Brown's ride up Shooters Hill has been given very little attention although it was well reported at the time in the technical press. Historians of motor transport have tended to ignore it because it was very early and, in some ways, isolated from the later development of the internal combustion engine. It has not been described in any detail in histories of steam transport because steam was not used. Brown himself seems to have abandoned the idea of using the system for a road vehicle and adapted to be used for powering boats. The 'Canal Gas Engine Company' was formed by a group of entrepreneurs to exploit the engine for use in vessels on the Croydon Canal. This canal ran from New Cross to Croydon going on the Kent side of the Surrey border for some distance through the Sydenham area - it was to become the route of the London Bridge/Norwood Junction railway line. It was not a success and the gas engine project floundered with it.
Brown was not the only person in Greenwich trying to put powered vehicles on the roads. At around the same time in the 1820s another inventor was working on a steam carriage. John Hill came from Greenwich, although it is not clear exactly who he was. Contemporary directories list a John Hill in Creek Street, Deptford - perhaps he thought 'Greenwich' was a politer address than 'Deptford'. 'John Hill' is, in any case, a common name. His partner in the steam carriage project was a Timothy Burstill who came from Edinburgh and was, of course, a competitor in the 1829 Rainhill Trials for an effective railway locomotive. He entered with 'Perseverance' - said to have 'no more than a glorified domestic boiler'.
In London Burstill and Hill made a very heavy, 8 ton, road steam carriage with a very large boiler. This meant that it was very slow and could only do, at the most, three or five miles an hour. They found it difficult to get passengers as because , it emerged, people were scared of sitting close to the enormous boiler. They were quite right to be afraid because this boiler eventually exploded during a demonstration run. This explosion probably happened in Deptford although no exact spot is given. No one was hurt in the accident although twenty three people were standing nearby 'on the bank' and one man had his foot on the machine itself . Burstill and Hill claimed that the fact that no one was killed showed how safe the engine really was! No more was heard of it.

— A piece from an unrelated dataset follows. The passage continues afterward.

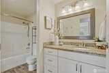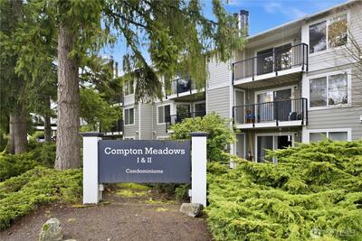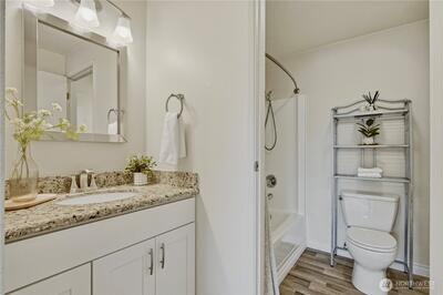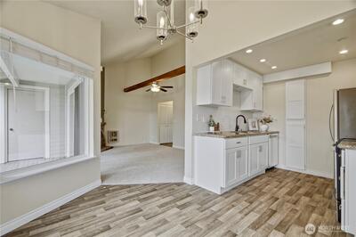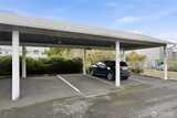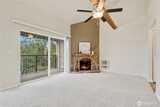 Top-floor end unit with soaring vaulted ceilings and an open, airy layout. Welcoming entry leads to a spacious living room featuring a cozy fireplace and access to a private covered balcony. Kitchen and dining area are filled with natural light from multiple windows, creating a bright and inviting space. Two generously sized bedrooms, with the primary offering direct access to the full bath plus an additional vanity area for added convenience. Large laundry room includes side-by-side washer and dryer and extra storage cabinets. Abundant storage throughout, including deck closet, linen closet, and coat closet. Brand-new carpet. No rental cap. One covered parking space included. Ideally located near Kingsgate amenities, The Village at Totem Lake, Woodinville wineries, parks, and quick freeway access.

Such steam carriages were experimental and none of them ever ran a regular public transport service. This changed in the late 1830s when new carriages came on to the roads which were designed to hold fifteen or more passengers and run an 'omnibus' service. The next article will look at them.


This article has been compiled from a variety of sources, in particular local newspapers and the trade press of the day. There is a considerable literature about steam road carriages, I have drawn particularly on William Fletcher's Steam on Common Roads. An article about Samuel Brown's car by L.Graham Davis appeared in True's Automobile Year Book, No.2. 1953.





2 comments:

Jose said...

Great information, it shows that government all long seen the value of transport in economic development.

Nancy Rogers said...

Nice piece of writing content about road transport. Great insights shared.